Upon the troops’ return to Australia, Person 10 was given a notice to show cause why he should not be removed from the regiment. He told the court he received a phone call from Roberts-Smith in February 2013.

“The crux of it was ‘if you threaten me or my family I will fuck you up’,” Person 10 told the court Roberts-Smith said to him.

Person 10 said he understood the threat to mean: “if I stated that he punched me in my notice to show cause there would be consequences”.

In the newspapers’ defence document filed with the court, they argue Roberts-Smith’s behaviour constituted bullying, and that he bore some responsibility for the failed Chora Valley mission.

“It may be inferred that [Robert-Smith’s] conduct in respect of Person 10 was to detract attention from [Robert-Smith’s] own responsibility for planning a tactically flawed mission which contributed toward the blue on blue incident.

Person 10 told the court in cross-examination his “slipping” performance as a soldier was not related only to Roberts-Smith, “I’d say it was the organisation [the SASR] as a whole”.

He said his evidence was not motivated by personal malice against Roberts-Smith.

“I hold nothing against Mr Roberts-Smith.
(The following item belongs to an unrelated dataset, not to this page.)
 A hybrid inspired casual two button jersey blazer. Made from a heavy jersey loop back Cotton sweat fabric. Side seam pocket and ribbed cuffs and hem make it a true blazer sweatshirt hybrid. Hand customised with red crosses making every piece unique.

I don’t want to be here [in court], I’m compelled to be here. I’m answering these questions honestly.”

Roberts-Smith was questioned extensively about his relationship with Person 10 and the Chora Valley mission when he gave evidence in this trial last year.
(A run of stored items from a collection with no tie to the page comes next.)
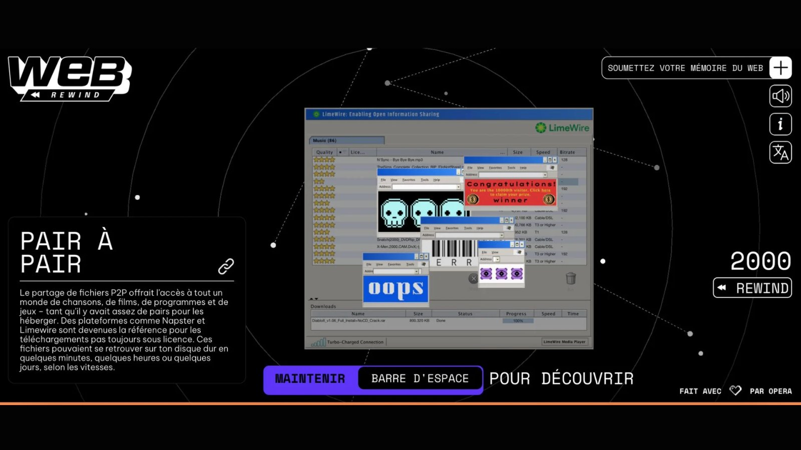 Graças ao Web Rewind, redescobrimos a Internet e lembramos porque a amamos tanto há décadas. O Opera teve a engenhosa ideia de torná-lo uma experiência real com efeitos sonoros, música e a sensação de retroceder com a barra de espaço para viajar de um ano para o outro. O navegador europeu não deixa de nos fornecer anedotas sobre cada acontecimento para melhorar a nossa cultura da Internet e reavivar as nossas memórias.
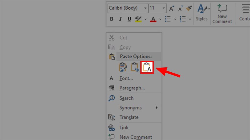 Nhấn chuột phải > Chọn Keep Text Only.
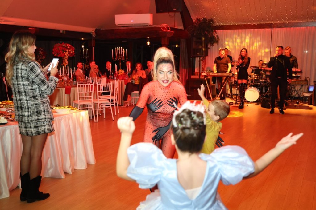 Vrhunac večeri usledio je kada su stigli trubači. Voditeljka se tada popela na stolicu i zaplesala uz ritam trube, dok su ispred nje bili njen prvi suprug Vojislav Milošević i bivši dečko Dragan Stanković. U jednom trenutku obojica su kleknuli, a zatim im se pridružila i Jovanina ćerkica Lea.
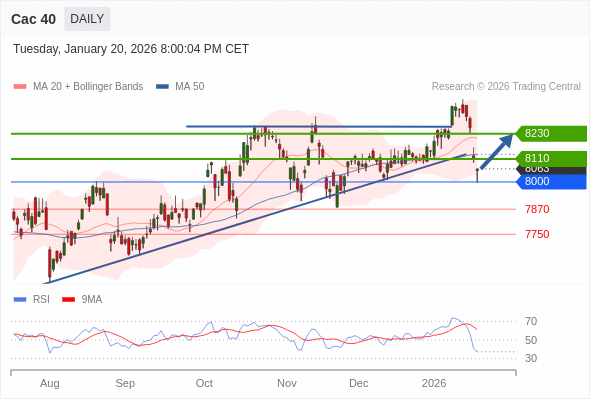 Cac 40 短线: 超短线(当日内)支撑位在8000附近。
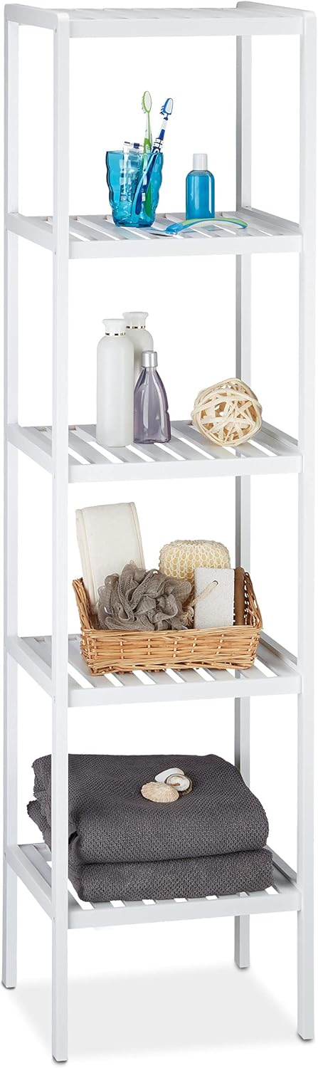 Relaxdays Bambus Regal, abgerundetes Standregal, schmales Badregal mit 4 Ablagen, quadratisch, HBT:
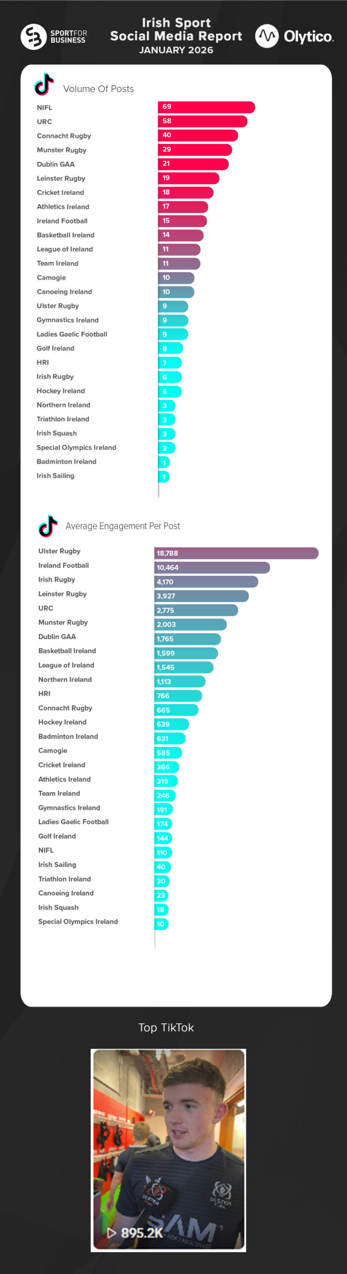 Olytico’s analysis of Irish Sport on Social Media for January 2026 covers 12,200 posts, 4 million public engagements, and close to 16 million Tik Tok views.
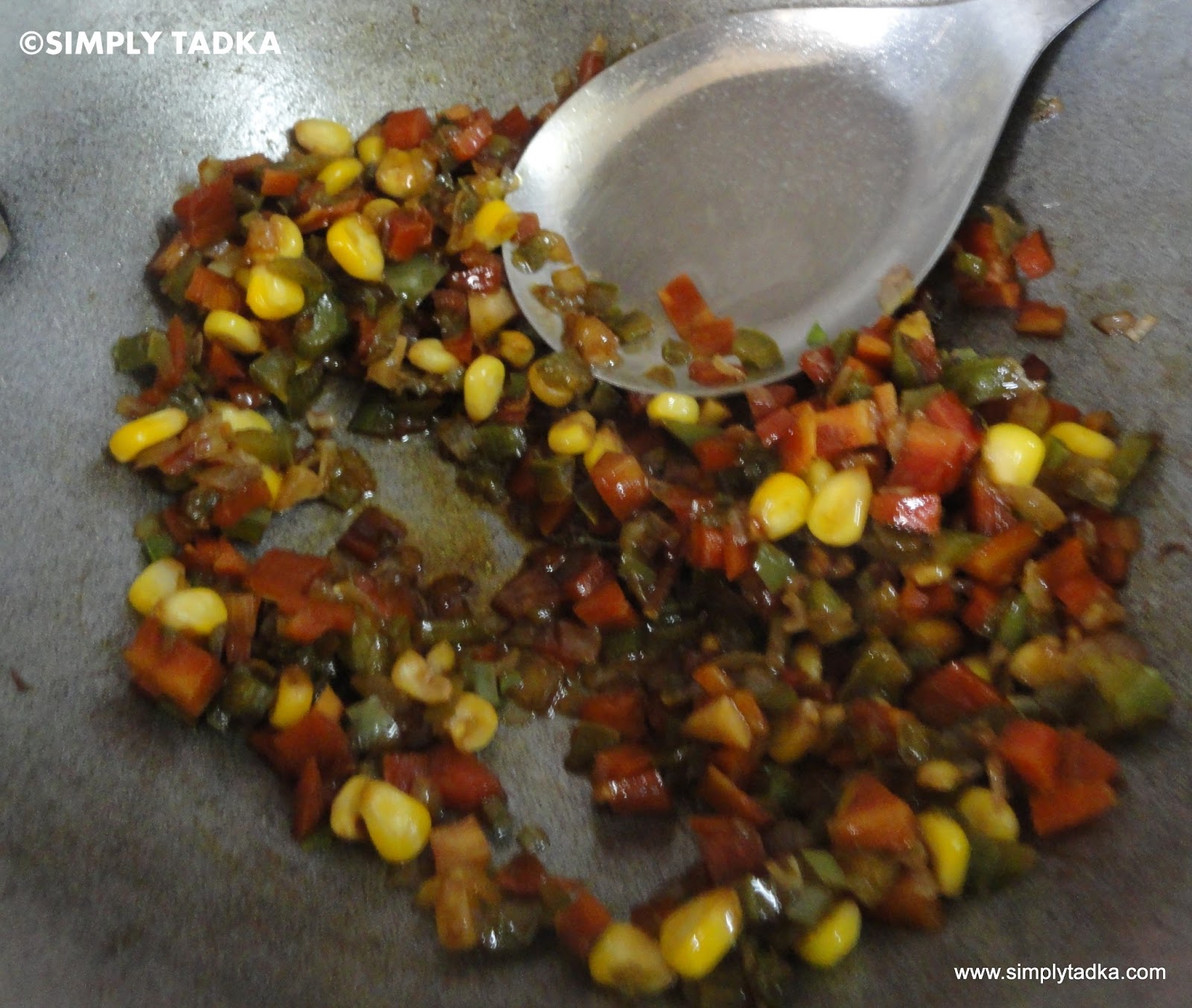 till to translucent. Add chopped bell pepper, corns, carrots and cook till to

He was asked whether the mock execution happened.

“No, it didn’t,” he said.

“It’s just a ludicrous scenario. I don’t even know how someone would come up with that, quite frankly. It’s just a stupid thing for someone to have said.”

Roberts-Smith said the Chora valley mission was acutely dangerous because Person 10 “had totally lost his situational awareness, and he was shooting randomly”.
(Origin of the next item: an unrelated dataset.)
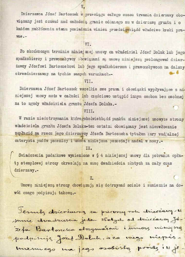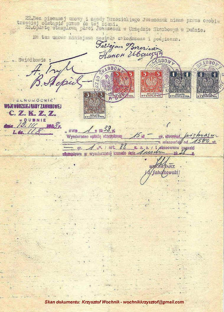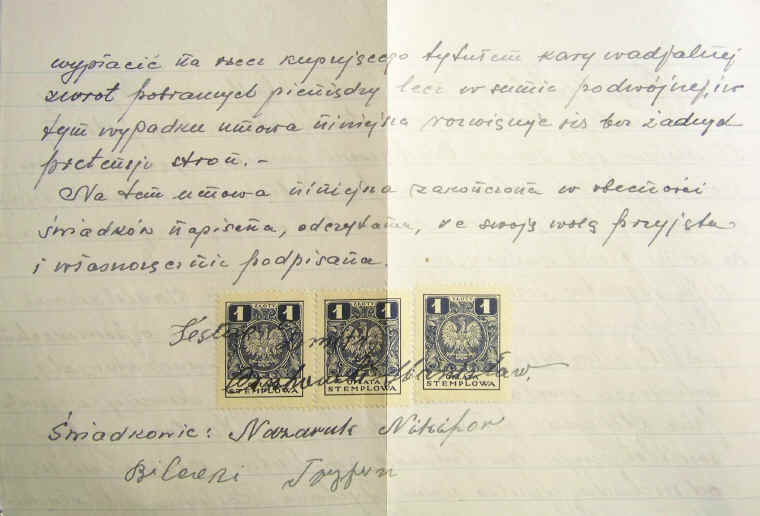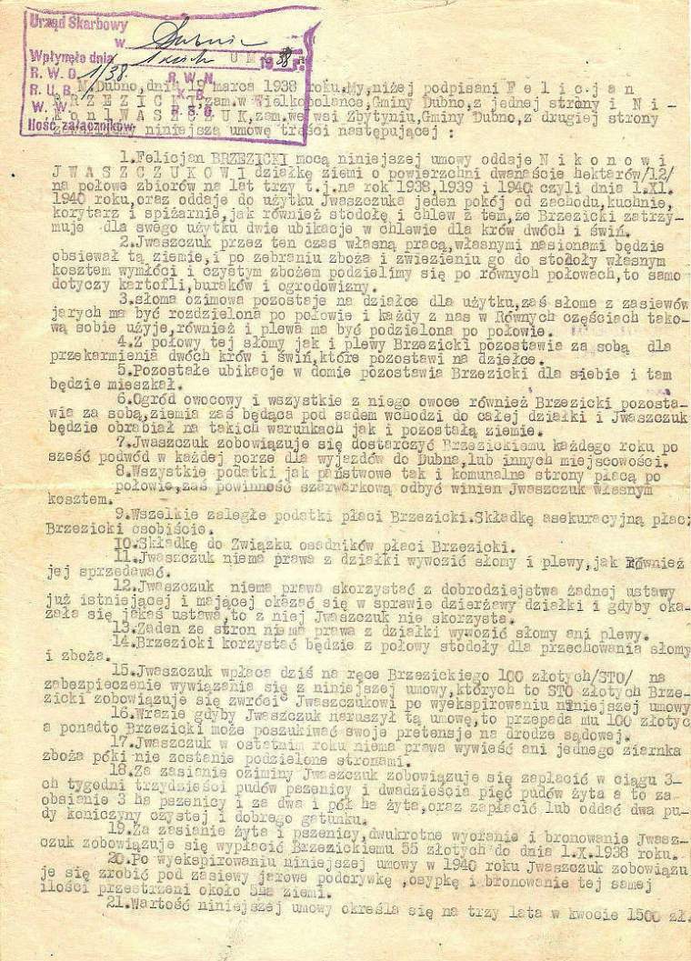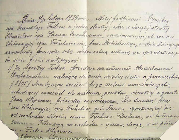 | Umowa sprzedaży-kupna ziemi pomiędzy Jelcazarem Nazarukiem i Stanisławem Czechowskim.

“I still, to this day, I don’t believe he was trying to kill a woman and child. What I think is he just didn’t understand what was happening, for whatever reason, and lost control, and that’s what was dangerous about it.”

Roberts-Smith said he told Person 10 he could have killed the woman and child and that “the other [Australian] team was on the other side”.

“You could have been sitting here right now knowing that you killed one of your mates”.

Roberts-Smith admitted that he punched Person 10 after the mission, and said he reported his actions to senior command.

He told the court he never threatened Person 10 he might be sent to the Hague if he mentioned the woman and child.

Person 10 remains in the witness box under cross-examination. The trial, before Justice Anthony Besanko, is expected to run several weeks more.